Resource Efficiency in Additive Technology:Khoda, B. et. al. 2020 JMSE; Khoda, B et. al. 2018 RPJ; Khoda, B et. al. 2017 JMP; Khoda, B et. al. 2017 RCIM
The goal of this research is to create process behaviors analytics for solid and cellular porous 3D-printed objects. One of the major constraints of additive manufacturing processes is that they consume a significant amount of resources (i.e., time, energy and material, support structure and cost) to fabricate parts, which is often tied to the part and process attributes.
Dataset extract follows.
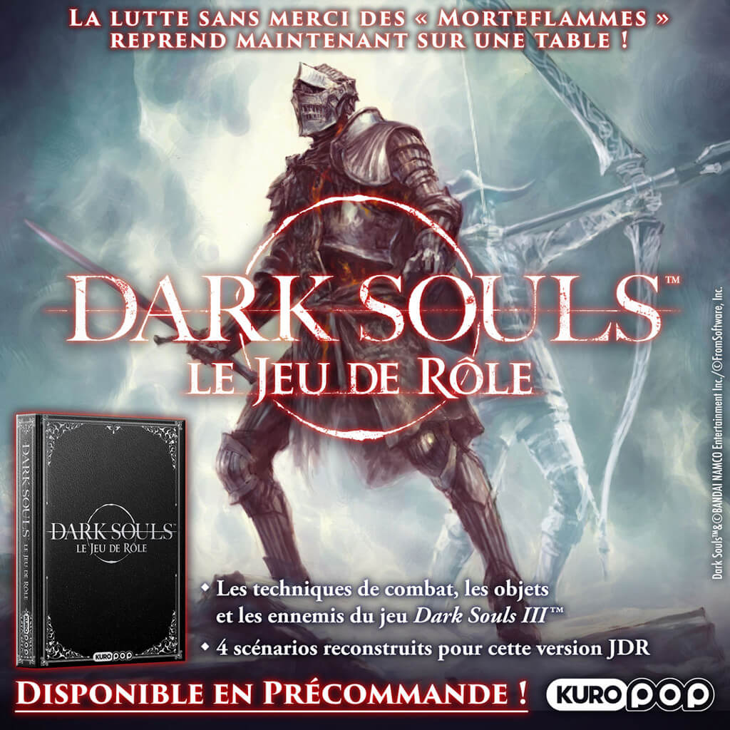 Description éditeur : La lutte sans merci des "Morteflammes" reprend maintenant sur une table ! Retrouvez toute la tension et les obstacles pesants qui font la saveur de la série Dark Souls et la joie de ses joueurs dans un jeu de rôle sur table. Devenez une " Morteflamme " et plongez-vous dans un combat sans fin pour survivre ! Munissez-vous d'un crayon, de dés, créez votre personnage et partez avec vos amis pour une aventure dans un univers rempli de dangers !
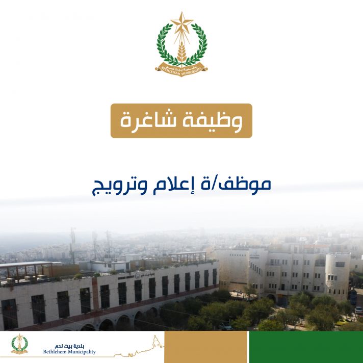 يعلن مجلس بلدية بيت لحم عن حاجته لشغل وظيفة موظف/ة إعلام وترويج ضمن دائرة العلاقات العامة في بلدية بيت لحم وفقاً للمواصفات التالية :

The objective is to establish a relationship among design, geometry, process variables, material distribution, and AM capabilities while establishing resource consumption mechanisms. This research is built upon balancing the hierarchical AM eco-system with primary emphasis on the pre-processing stage followed by downstream optimization.
Porous infill design and 3D printing: Khoda, B. et. al. 2021 JMSE; Khoda, B. et. al. 2018 RPJ; Khoda, B. et. al. 2023 ASME Eng.
A new fabrication pattern for honeycomb infill is proposed for additive manufacturing applications. The proposed pattern will uniformly distribute the material and can accommodate controllable variational honeycomb infill while maintaining continuity with relative ease. The infill structures are fabricated with both uniform and variational patterns, which are then compared with the traditional tool-path pattern with compression testing. The results show that the proposed design demonstrates uniform densification under compression and performs better while absorbing more energy. Studying novel pattern and their impact on mechanical properties will help understand the design-performance relationship of the 3D printed parts.